Wednesday 28 May 2014

Spinning from the CORE


What have the CORE steering group and the ISIPE student letter got in common? The short answer: nothing.

If you scan the list of supporters (last scan, 5th October 2014) you find that not a single steering group member has publicly supported the ISIPE call for 'a more open, diverse and pluralist economics'. Some of us have received private messages of support, but it would be fantastic if someone like Diane Coyle (chair of the steering group and acting chairman of the BBC trust) or Eric Pentecost (chair of the Royal Economic Society's CHUDE committee) were to sign the letter.

Especially when 'CORE in the news' includes ISIPE press coverage with the phrase 'we try to link to all the mentions of the CORE project in the media'. Anyone would think this was the 'citation cartel' and 'invisible college' that Victoria Chick referred to at the Post-Crash Manchester fringe event.


Outside of CORE, a growing body of voices are stating publicly that the CORE curriculum is too narrow. Kate Raworth wrote on her blog that:

'CORE’s twenty modules are works in progress...but to be honest I don’t feel it bodes well... it’s only when we reach Module 17 that we learn about ‘The economy of the Earth’... and in the outline of the whole curriculum there doesn’t appear to be any room to discuss whether or not unlimited economic growth is theoretically, technically or socially possible".

Hugh Goodacre wrote in the FT that:

'Far from introducing a wider range of viewpoints, [CORE] excludes any method or theory other than the same old simplistic platitudes about equilibrium and disequilibrium and all the rest of it.
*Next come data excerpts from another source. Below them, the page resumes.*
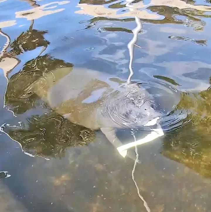 2018年11月16日报道,皮划艇爱好者Michael McCarthy发现一只海牛幼崽把一个塑料垃圾当成了美食,大口咀嚼试图将其吞下肚子里。Michael见状立即上前,把塑料垃圾从它口里拉了过来,而这个小家伙还以为是Michael在跟它玩游戏,咬住塑料不松口,Michael跟它耗了好一会才把塑料从它口中拉了出来。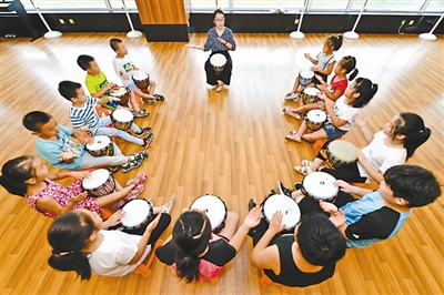 8月16日,在河北省廊坊市安次区文化馆,艺术老师(后中)教授学生非洲鼓击打技巧。日前,当地推出公益课堂,免费教授当地小学生非洲鼓、民族舞等艺术课程,培养学生们艺术兴趣。 新华社 刘学民 摄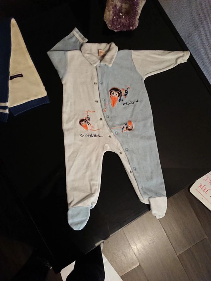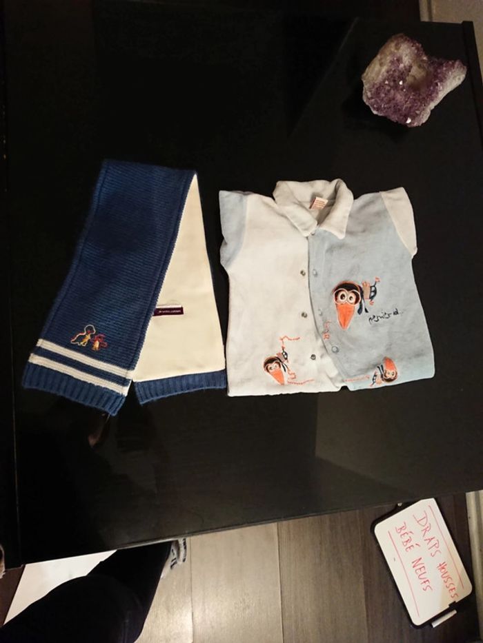 Lot pyjama 6 mois en bon état, pas de trou de tâches ou de problème avec les boutons pressions, de couleur blanc et bleu claire. 1 écharpe de chez Sergent Major en excellent état, bleu marine et blanche, hyper douce à l'intérieur et laine sur l'extérieur. N'hésitez pas à me demander si vous souhaitez composer votre lot ou si vous avez des questions j'y répondrais avec plaisir :) #ensemblebebe #lotvetementsbebe6mois #echarpebebe #pyjamabébé

It aims to justify to first-year students the fact that their further curriculum will centre overwhelmingly on mathematical models constructed on that basis, and far from welcoming student discussion in its formulation, consultation on the course by students and dissenting staff was rigorously denied'

Ha-Joon Chang and Jonathan Aldred, writing in support of the student campaign in the Observer, point out that 'in Cambridge, like every other elite university, the undergraduate economics curriculum has remained almost the same'.

These comments suggest little has changed since this survey of undergraduate economics programmes published in 2012. The original INET UK Economics Curriculum Committee, led by Lord Skidelsky, found that courses in microeconomics emphasised theory and mathematics; macro courses relied heavily on New Classical thought; and only two out of twelve universities discussed economics from a qualitative perspective such as history of economic thought, economic history and philosophy of economics.

Why are there still so many dissenting voices? It has been suggested in a Reuters Blog that students 'underestimate the scale of the intellectual scandal'. Looking at the press coverage, it seems the campaign also underestimates the scale of the intellectual spin. As Imre Lakatos might put it, the CORE has a  'protective belt' or positive heuristic which is more flexible and 'forges ahead with almost complete disregard of 'refutations' (Lakatos, 1980: p51).